Open-source multi-LLM ensemble tool for systematic review workflows
Project description
MetaScreener
Open-source multi-LLM ensemble for systematic review workflows
MetaScreener is a local Python tool for AI-assisted systematic review (SR) workflows. It uses a Hierarchical Consensus Network (HCN) of 4 open-source LLMs with calibrated confidence aggregation, covering the full SR pipeline -- literature screening, data extraction, and risk-of-bias assessment -- in a single tool.

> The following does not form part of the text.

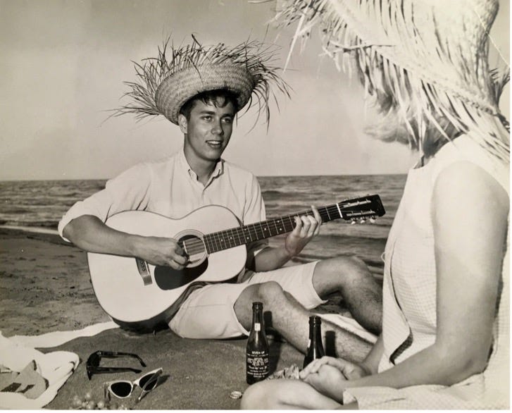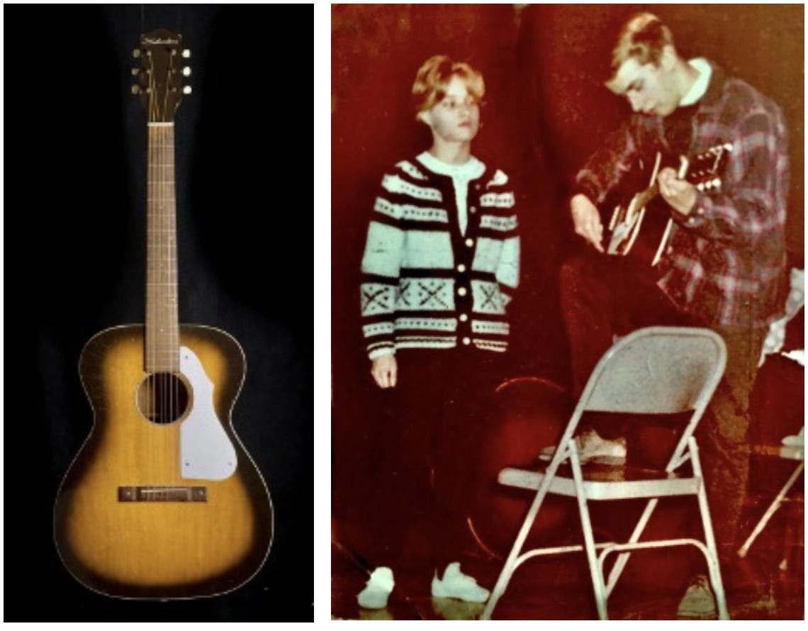 LEFT: My first guitar: a Silvertone made by Kay or Harmony in Chicago. It sold for $19.99 through the Sears and Roebuck mail-order catalogue, a precursor to online shopping at Amazon. RIGHT: Fuzzy photo from 1962 playing my first guitar and singing “Michael Row the Boat Ashore” with Jackie Grey in Wilmette. I had to look closely at my fingering back then.

Note: Looking for MetaScreener v1? See the
v1-legacybranch.
Features
- Multi-LLM Ensemble -- 4 open-source LLMs (Qwen3, DeepSeek-V3, Llama 4 Scout, Mistral Small 3.1) vote on every decision; no single model is a point of failure
- 3 SR Modules -- Title/abstract screening, structured data extraction from PDFs, and risk-of-bias assessment (RoB 2, ROBINS-I, QUADAS-2)
- Reproducible by Design -- All models are open-source with version-locked weights;
temperature=0.0for all inference; seeded randomness; SHA256 prompt hashing in every audit trail entry - Framework-Agnostic Criteria -- Supports PICO, PEO, SPIDER, PCC, and custom frameworks with an interactive criteria wizard
- Multiple Input/Output Formats -- Reads RIS, BibTeX, CSV, PubMed XML, Excel; exports to RIS, CSV, JSON, Excel, and audit trail
- CLI + Web UI -- Full Typer CLI and Streamlit dashboard
- Evaluation Toolkit -- Built-in metrics (sensitivity, specificity, F1, WSS@95, AUROC, ECE, Brier score), Plotly visualizations (ROC, calibration, score distribution), and bootstrap 95% confidence intervals
Installation
pip
pip install metascreener
Docker
# Slim image -- CLI and Streamlit UI
docker pull chaokunhong/metascreener:latest
# Full image -- includes validation experiments
docker pull chaokunhong/metascreener:full
From source
git clone https://github.com/ChaokunHong/MetaScreener.git
cd MetaScreener
uv sync --extra dev
uv run metascreener --help
Configuration
MetaScreener calls LLMs via cloud APIs. Set one of the following environment variables:
export OPENROUTER_API_KEY="your-key-here" # OpenRouter (default)
# or
export TOGETHER_API_KEY="your-key-here" # Together AI
Local inference via vLLM or Ollama is also supported -- see configs/models.yaml.
Quick Start
1. Define review criteria
# From a research topic -- AI generates and refines criteria interactively
metascreener init --topic "antimicrobial resistance in ICU patients"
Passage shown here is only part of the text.